▸ **WHAT YOU ARE ASKED TO DO**
Write again exactly the lines in the listing below, starting at the line with "Rød varseletikett med" and ending at the line with "또한, 설명회에 참가하는", both included. Pictures are not copied.
>>>>>
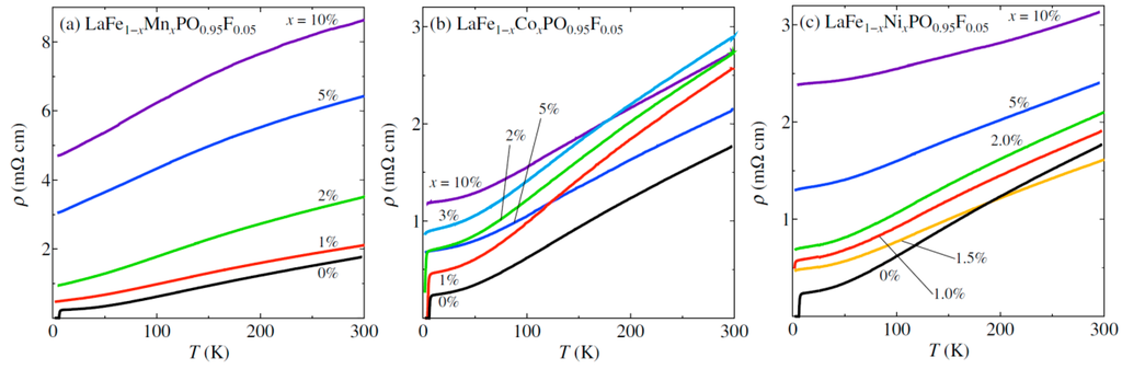Figure 1 shows temperature dependence of electrical resistivity for LaFe1−xMxPO0.95F0.05. The resistivity for all the samples with x = 0–0.10 shows a metallic behavior and the value almost systematically increases with x. The increasing rate of the resistivity value is dependent on the impurity, and the resistivity for the samples with M = Mn is much more strongly enhanced than in those with M = Co and Ni. The different ratio of the resistivity enhancement with x may be related to the ground states for each end member. LaMnPO is a semiconductor, and resultantly the Mn substitution to this system causes a large change of resistivity [21]. On the other hand, LaCoPO and LaNiPO are metal, as is LaFePO0.95F0.05, and the resistivity for the Co- and Ni-doped samples shows a smaller change with the increasing x [22,23].
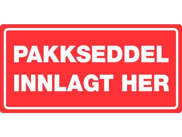 Rød varseletikett med hvit tekst med informasjon om at pakkseddel ligger i forpakningen
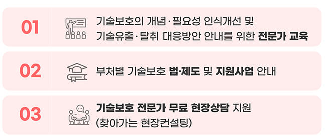 또한, 설명회에 참가하는 기업은 현장 경험이 풍부한 전문가에게 ‘중소기업 기술보호를 위한 핵심수칙 안내(가이드)’와 ‘기술유출·탈취 판례를 통한 대응 방안 및 중소기업기술보호법 개정 사항’ 등 다양한 강의를 수강할 수 있고, 기술보호 전문가의 현장 상담을 희망하는 기업은 개별기업 상황에 맞는 맞춤형 보안 안내(가이드)도 지원받을 수 있다.
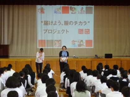 この取り組みは、生徒が主体となって、着なくなった子ども服を回収して、難民の方々など世界中で服を本当に必要としている人々に届ける活動で、この活動を通じて、国際問題や環境問題に関心をもつだけでなく、服のチカラを知り、自分にもできる社会貢献があると気づくきっかけになればとという趣旨で行われます。
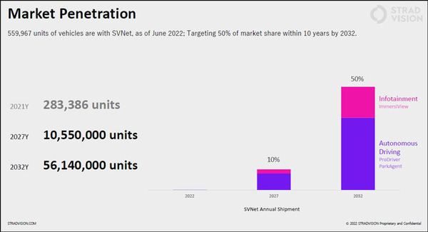 2022年6月時点で、559,967台の車両に「SVNet」が搭載されているが、2032年までに市場シェアの50%となる5600万台を目標に、Tier1企業と連携していきたい考えを示した。
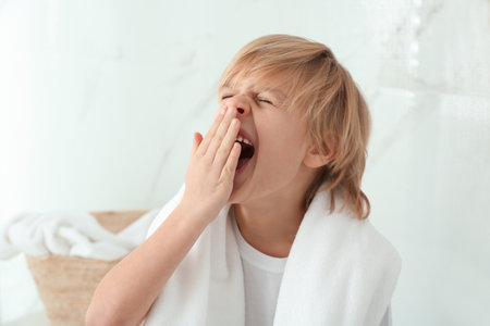Sleepy young boy yawning while holding a book and sitting on a cozy armchair in soft morning sunlight.
<<<<<
▸ **RESPONSE TO THIS TASK**
 Rød varseletikett med hvit tekst med informasjon om at pakkseddel ligger i forpakningen
 또한, 설명회에 참가하는 기업은 현장 경험이 풍부한 전문가에게 ‘중소기업 기술보호를 위한 핵심수칙 안내(가이드)’와 ‘기술유출·탈취 판례를 통한 대응 방안 및 중소기업기술보호법 개정 사항’ 등 다양한 강의를 수강할 수 있고, 기술보호 전문가의 현장 상담을 희망하는 기업은 개별기업 상황에 맞는 맞춤형 보안 안내(가이드)도 지원받을 수 있다.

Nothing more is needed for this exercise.